Malgré une crise financière hors du commun en 2008 et malgré l'effondrement de la croissance en 2009 et 2010, nous avons su voter des réformes structurelles pour affronter l'avenir la tête haute.

Je pense ici à la réforme des retraites et celle des régimes spéciaux. Je pense au non-remplacement d'un fonctionnaire sur deux partants à la retraite. Mais je pense également à l'instauration du service minimum dans les transports et à l'école, ou encore à l'autonomie des universités. Réformes qui nous ont permis de réduire nos déficits sans fragiliser la qualité des services publics.

Concernant la compétitivité des entreprises, nous avons supprimé la taxe professionnelle et créé le crédit impôt recherche.
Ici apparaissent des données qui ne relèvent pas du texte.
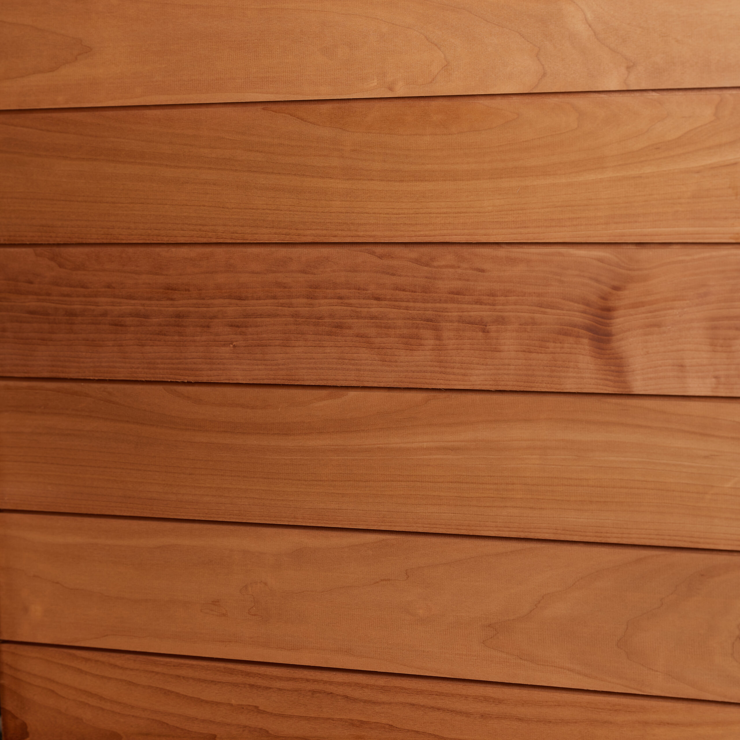 A moderate causal pattern. No resin as deciduous wood. Its warm shade makes it ideal as a panel for saunas and washrooms. Heat-treated wood has very low moisture absorption and warping. The panel can be concealed.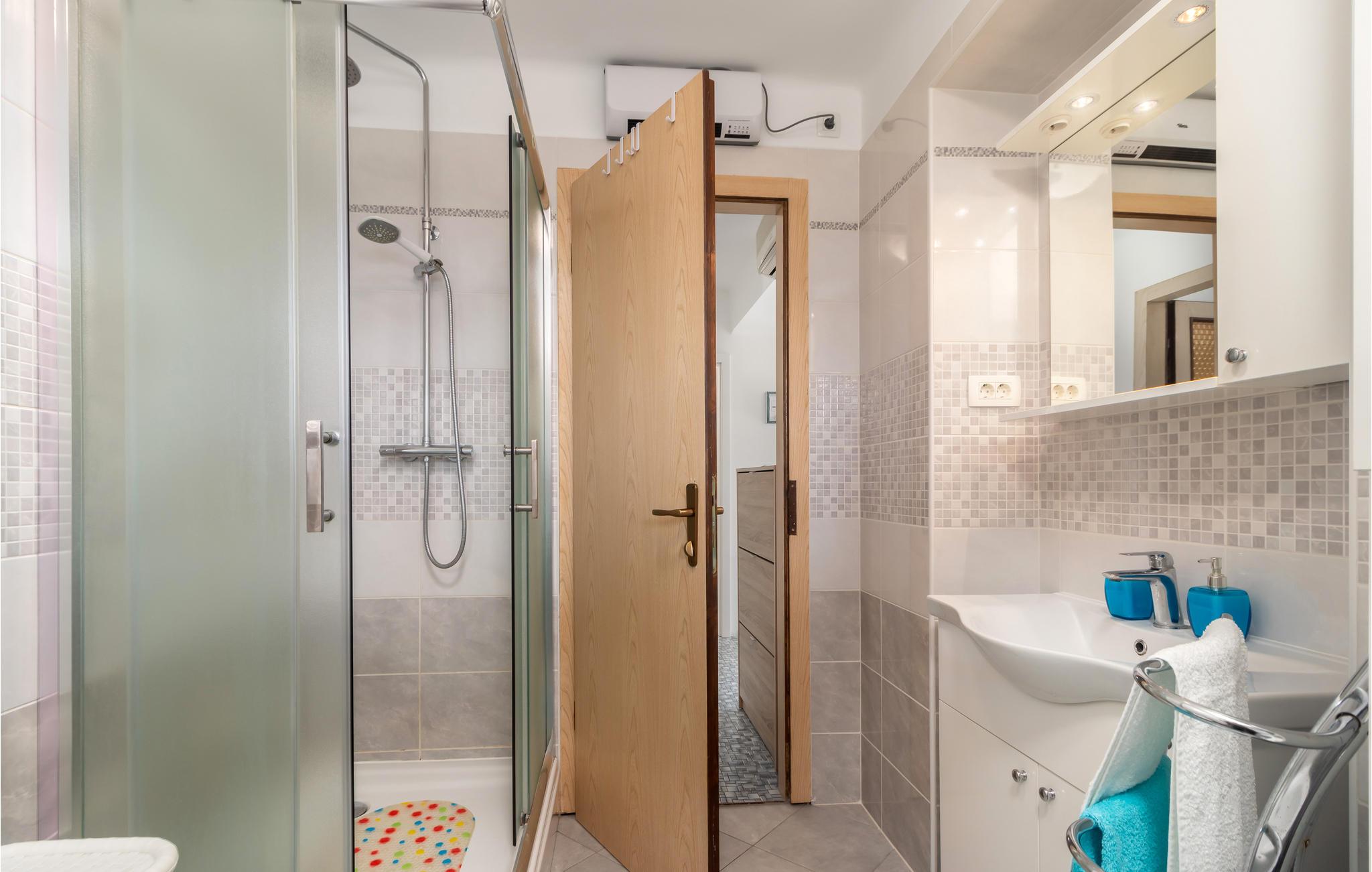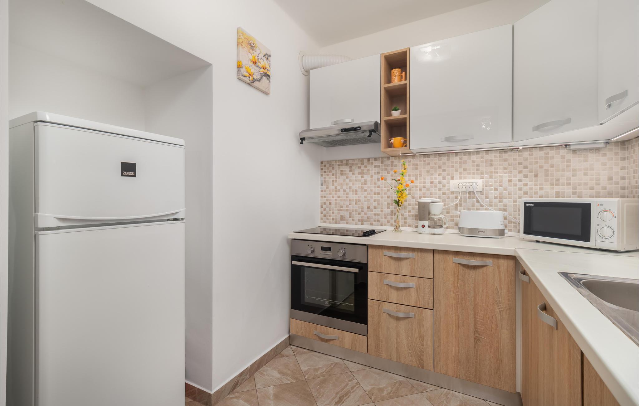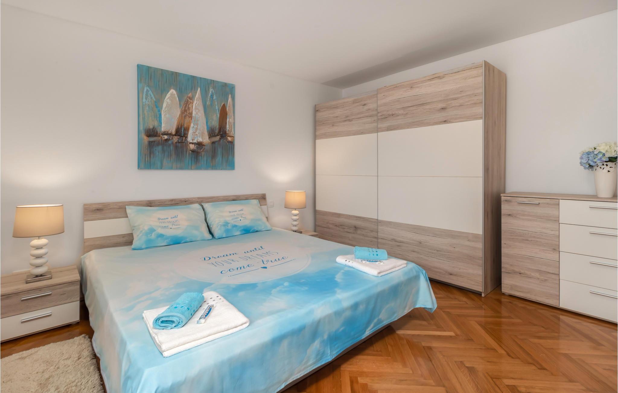Bygningen ligger i øbyen Gostinjac, omgivet af blomstrer og økologiske frugttræer. Lejligheden er behageligt indrettet. Tæt på den store terrasse er der en eng med en rutsjebane, hvor børnene kan lege løs i det fri. Hyg med at grille ude og drikke et glas vin med vennerne eller familien.

Nous avons créé une banque de l'industrie chargée d'aider toutes les entreprises et en particulier les PME. Le coût du travail s'est vu réduit pour les entreprises et le chômage pour les jeunes a été largement affaibli grâce à l'incitation à l'alternance ou l'exonération de charges à l'embauche d'un jeune par une TPE. Enfin, je n'oublie pas le système suicidaire des 35h pour les entreprises qui a été assoupli.

Du côté social, nous avons revalorisé les minima sociaux de 25% (allocation adulte handicapé (AAH), minimum vieillesse). J'ajoute que nous avons mis en place des mesures pour lutter contre les fraudes sociales et ainsi préserver notre système social et de santé.

J'en viens maintenant à la sécurité. Beaucoup a été fait dans ce domaine également avec notamment l'instauration des peines planchers.

Afin de préserver notre modèle républicain et laïc, nous avons fait passer l'interdiction du port de la burqa dans les lieux publics.

La lutte contre l'immigration illégale a été consolidée avec 30 000 immigrés clandestins reconduits à la frontière tous les ans.

Nous avons bien sûr voté toutes ces mesures dans un souci de réduire la dette publique. Les mesures anti-déficit décidées au Parlement permettront un retour à l'équilibre des finances en 2016.

C'est donc dans ce contexte de difficulté économique, politique et financière que nous avons voté toutes ces mesures chargées de sens et d'espoir. C'est donc avec émotion que la session parlementaire s'est achevée mardi, tournée vers l'avenir.